» **Stored data entries**
◆ ◆ ◆ ◆
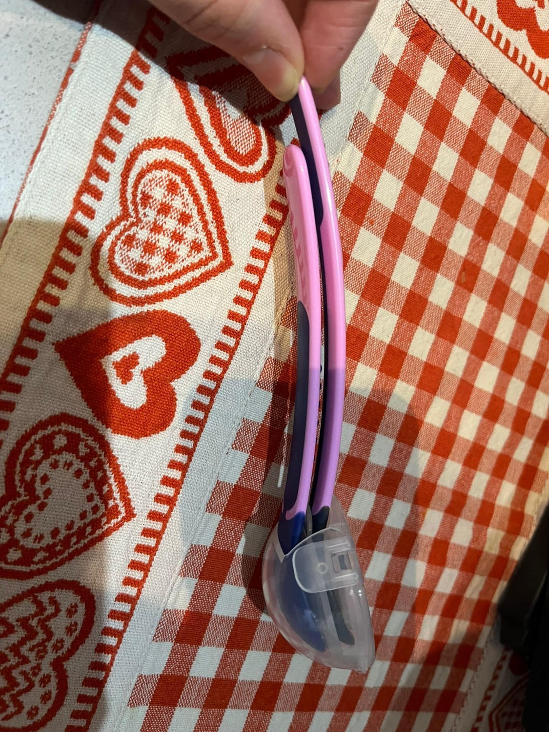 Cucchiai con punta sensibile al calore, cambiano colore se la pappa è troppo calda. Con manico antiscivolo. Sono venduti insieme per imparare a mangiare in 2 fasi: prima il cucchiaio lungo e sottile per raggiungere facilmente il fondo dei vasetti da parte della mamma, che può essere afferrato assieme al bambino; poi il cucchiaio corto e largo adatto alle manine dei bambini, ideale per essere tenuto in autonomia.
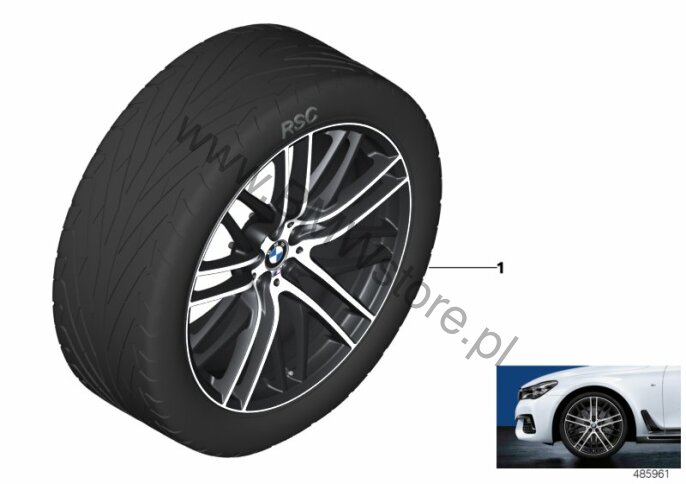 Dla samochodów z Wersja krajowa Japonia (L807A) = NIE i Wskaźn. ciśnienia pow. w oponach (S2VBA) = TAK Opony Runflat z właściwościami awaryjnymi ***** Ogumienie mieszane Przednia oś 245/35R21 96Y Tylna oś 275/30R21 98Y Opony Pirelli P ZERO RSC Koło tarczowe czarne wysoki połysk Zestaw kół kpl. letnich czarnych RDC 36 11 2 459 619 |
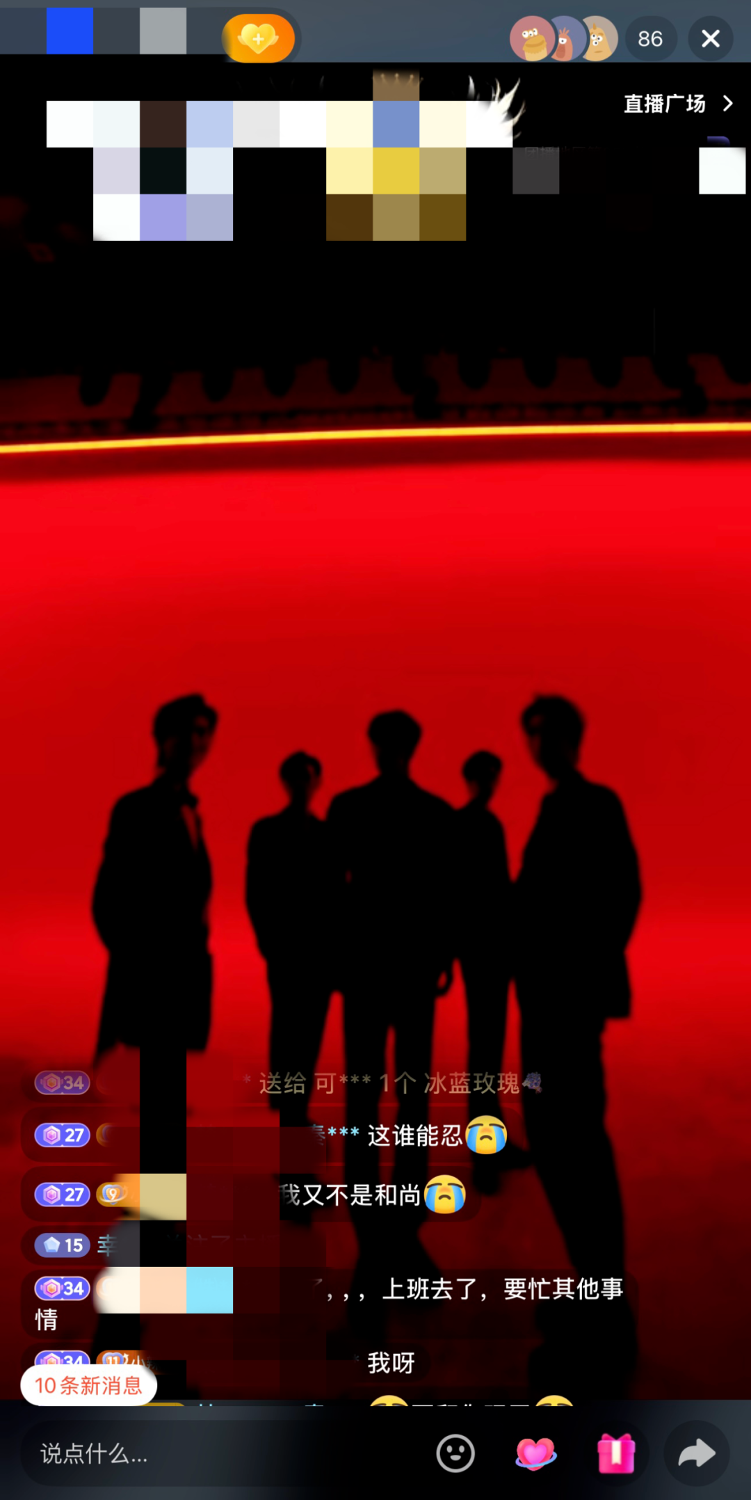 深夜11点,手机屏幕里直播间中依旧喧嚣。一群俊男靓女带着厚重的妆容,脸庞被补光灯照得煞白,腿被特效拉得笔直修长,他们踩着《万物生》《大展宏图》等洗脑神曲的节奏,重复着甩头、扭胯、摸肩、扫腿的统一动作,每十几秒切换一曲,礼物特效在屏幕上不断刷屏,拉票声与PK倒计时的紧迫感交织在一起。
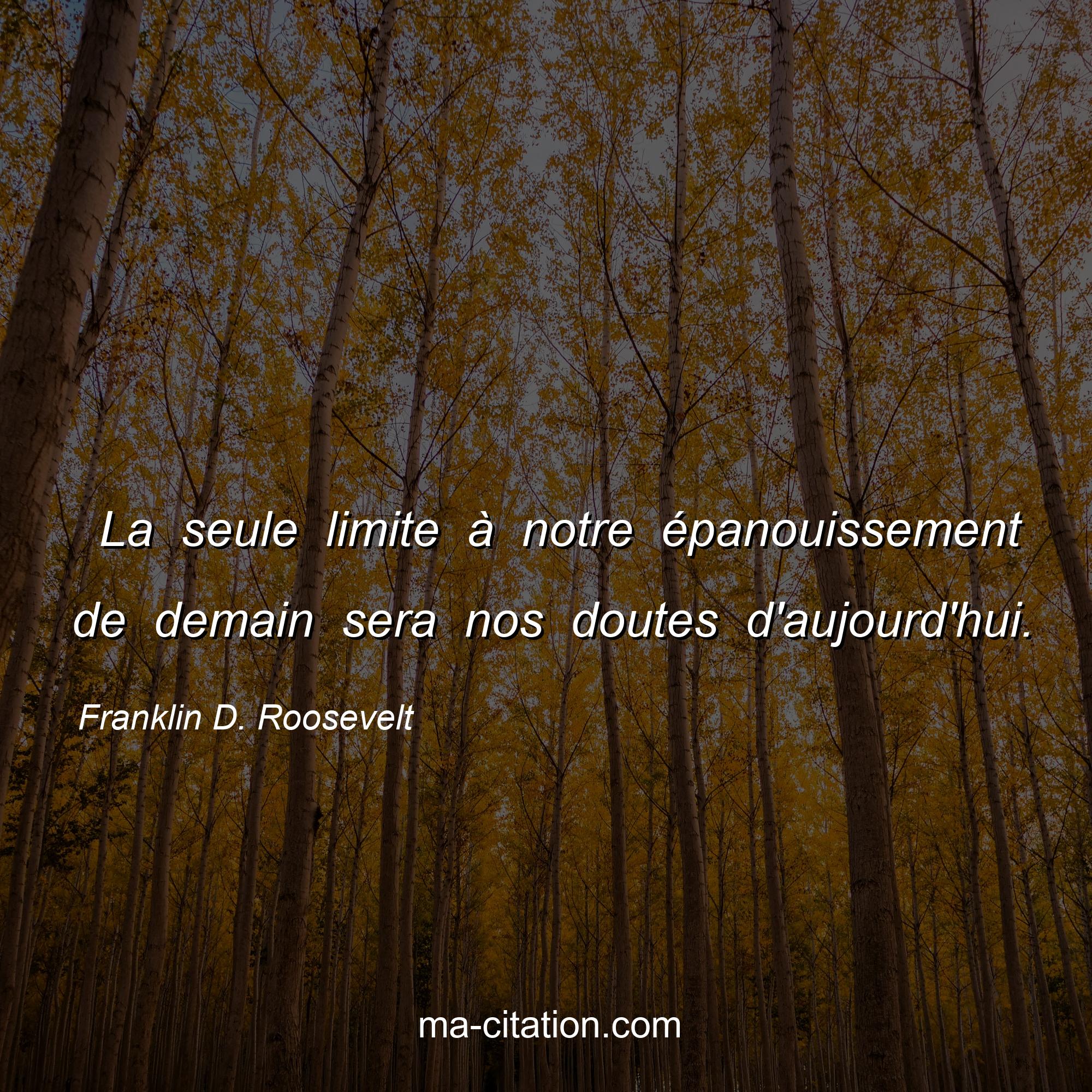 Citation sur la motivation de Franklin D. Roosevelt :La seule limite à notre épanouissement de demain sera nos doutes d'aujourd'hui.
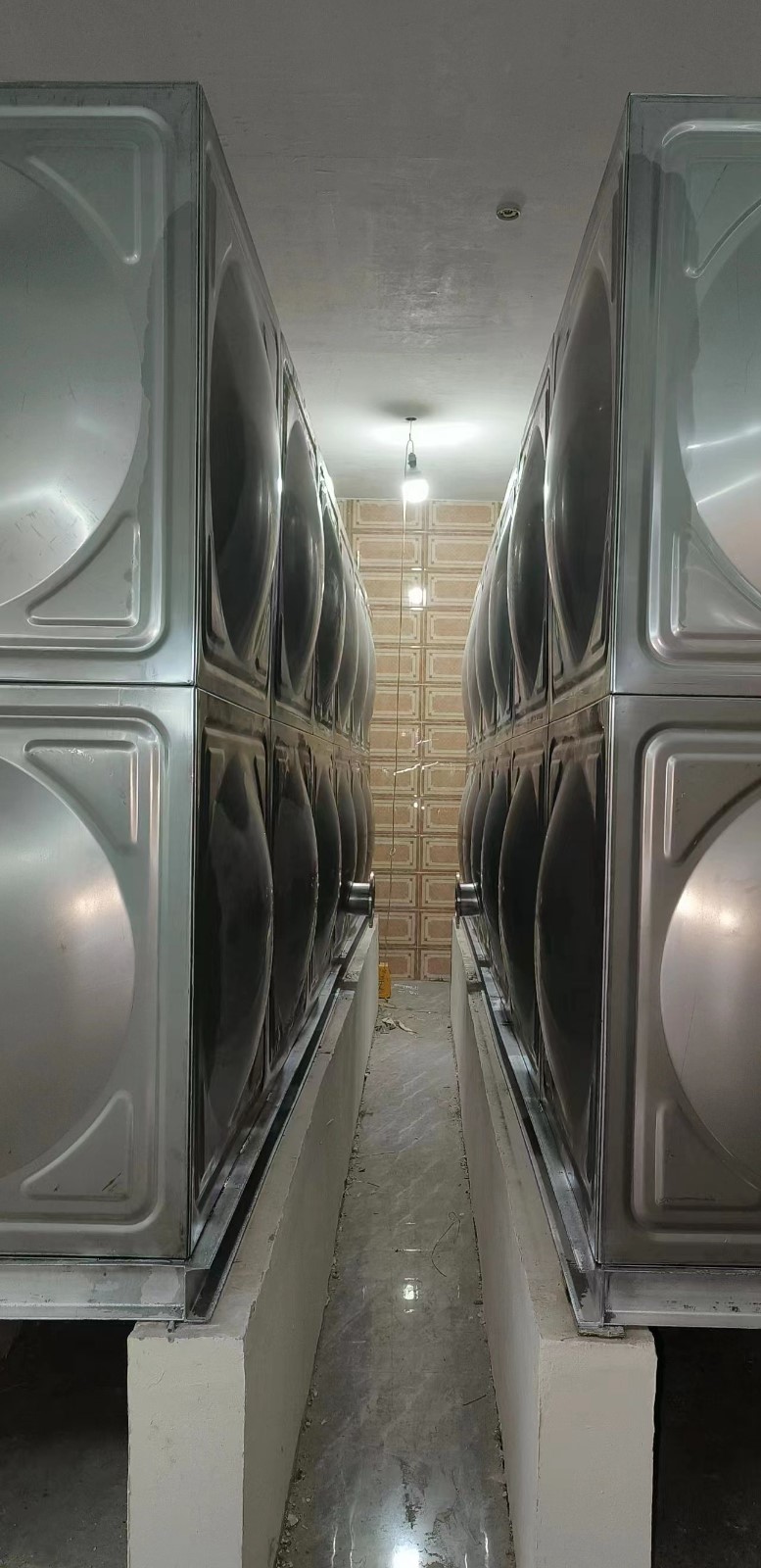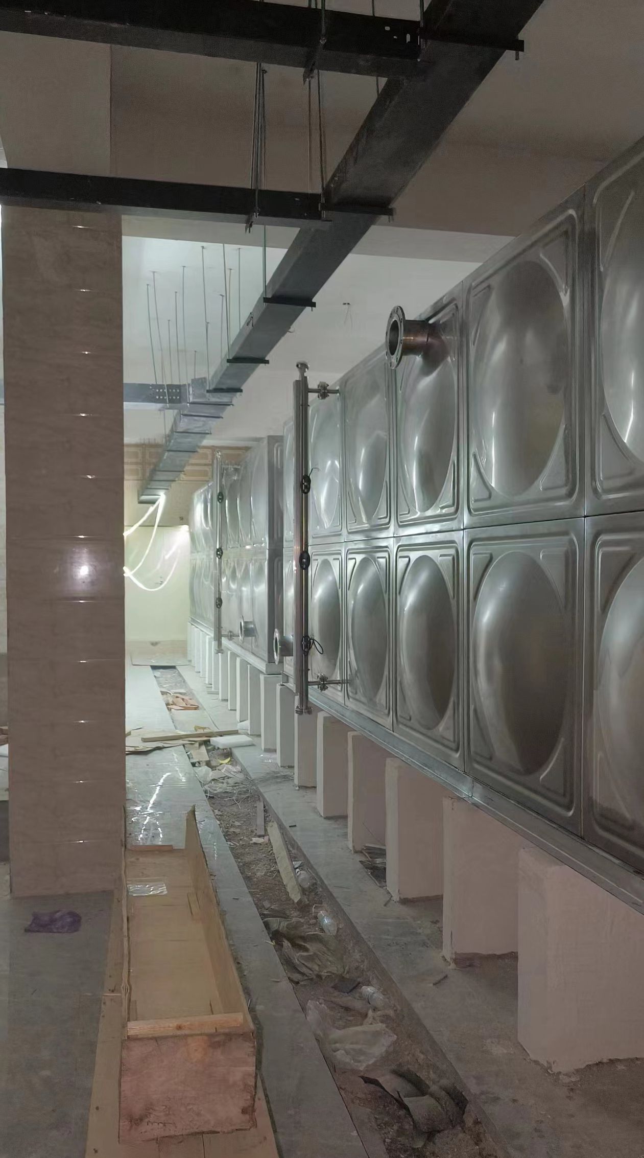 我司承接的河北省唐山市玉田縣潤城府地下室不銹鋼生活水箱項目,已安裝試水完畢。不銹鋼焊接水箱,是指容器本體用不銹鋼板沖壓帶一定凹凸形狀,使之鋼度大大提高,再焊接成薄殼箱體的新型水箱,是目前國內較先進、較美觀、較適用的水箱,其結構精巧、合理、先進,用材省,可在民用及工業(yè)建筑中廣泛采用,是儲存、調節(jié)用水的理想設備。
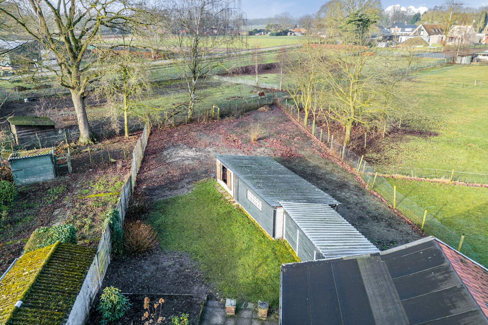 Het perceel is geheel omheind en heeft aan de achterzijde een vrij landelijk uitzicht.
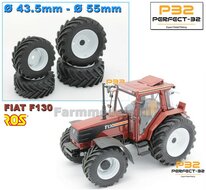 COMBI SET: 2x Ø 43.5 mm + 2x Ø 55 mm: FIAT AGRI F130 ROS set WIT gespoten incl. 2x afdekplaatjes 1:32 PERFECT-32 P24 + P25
◆ ◆ ◆ ◆
Restate the records above word for word, without the pictures.

» **Your response**
 Cucchiai con punta sensibile al calore, cambiano colore se la pappa è troppo calda. Con manico antiscivolo. Sono venduti insieme per imparare a mangiare in 2 fasi: prima il cucchiaio lungo e sottile per raggiungere facilmente il fondo dei vasetti da parte della mamma, che può essere afferrato assieme al bambino; poi il cucchiaio corto e largo adatto alle manine dei bambini, ideale per essere tenuto in autonomia.
 Dla samochodów z Wersja krajowa Japonia (L807A) = NIE i Wskaźn. ciśnienia pow. w oponach (S2VBA) = TAK Opony Runflat z właściwościami awaryjnymi ***** Ogumienie mieszane Przednia oś 245/35R21 96Y Tylna oś 275/30R21 98Y Opony Pirelli P ZERO RSC Koło tarczowe czarne wysoki połysk Zestaw kół kpl. letnich czarnych RDC 36 11 2 459 619 |
 深夜11点,手机屏幕里直播间中依旧喧嚣。一群俊男靓女带着厚重的妆容,脸庞被补光灯照得煞白,腿被特效拉得笔直修长,他们踩着《万物生》《大展宏图》等洗脑神曲的节奏,重复着甩头、扭胯、摸肩、扫腿的统一动作,每十几秒切换一曲,礼物特效在屏幕上不断刷屏,拉票声与PK倒计时的紧迫感交织在一起。
 Citation sur la motivation de Franklin D. Roosevelt :La seule limite à notre épanouissement de demain sera nos doutes d'aujourd'hui.
 我司承接的河北省唐山市玉田縣潤城府地下室不銹鋼生活水箱項目,已安裝試水完畢。不銹鋼焊接水箱,是指容器本體用不銹鋼板沖壓帶一定凹凸形狀,使之鋼度大大提高,再焊接成薄殼箱體的新型水箱,是目前國內較先進、較美觀、較適用的水箱,其結構精巧、合理、先進,用材省,可在民用及工業(yè)建筑中廣泛采用,是儲存、調節(jié)用水的理想設備。
 Het perceel is geheel omheind en heeft aan de achterzijde een vrij landelijk uitzicht.
 COMBI SET: 2x Ø 43.5 mm + 2x Ø 55 mm: FIAT AGRI F130 ROS set WIT gespoten incl. 2x afdekplaatjes 1:32 PERFECT-32 P24 + P25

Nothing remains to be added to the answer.